KRAFT STILL OPTIMISTIC: Patriots Owner Robert Kraft yesterday said the owners are “doing everything we can to try to get a deal consummated, and I personally believe it's possible." Speaking from Israel, where he is on a trade mission, Kraft said, “It's always good to be talking ... and I know from the ownership side that we feel there's a deal to be made and we very much like to do it." He noted he would leave Israel early if Goodell told "me he'd appreciate my presence" at the negotiating table (, 3/7). Meanwhle, Comcast SportsNet's Kelli Johnson reported more owners "are expected to be here this week." Johnson: "If the owners show up and really get involved, that will say a lot for the players union, who from what I've heard from sources inside their camp were unhappy with last week's representation by the owners" ("Chronicle Live," Comcast SportsNet Bay Area, 3/7).

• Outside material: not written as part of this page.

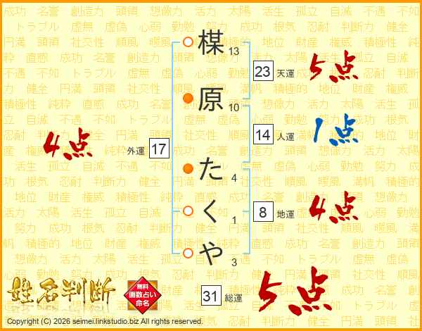 楳原たくやさんの総運は31画の5点!

IMPACT ON PLAYERS: USA TODAY's Graves notes the NFLPA is "helping its members prepare financially for the possible loss of salaries" due to a work stoppage. The union has "issued a 64-page lockout handbook that offers money-saving tips that almost all recession-strapped Americans can relate to." In addition, a "mortgage assistance program is available, providing interest-free-payment loans for up to six months or mortgage payments for the same period if a work stoppage exceeds 30 days" (USA TODAY, 3/8). In Jacksonville, Gene Frenette wrote it is a "lot easier for the public to empathize with the players because they’re not asking for another $1 billion off the top of a $9.3 billion pie, or summoning for a private jet at the snap of a finger." Frenette: "Be honest, who’s rooting for NFL owners in their dispute with the league’s Players Association? ... Few things are tougher to stomach than arrogance, and that’s just how the owners acted when they tried to sock away a $4 billion slush fund from guaranteed television contracts as lockout insurance" (, 3/7).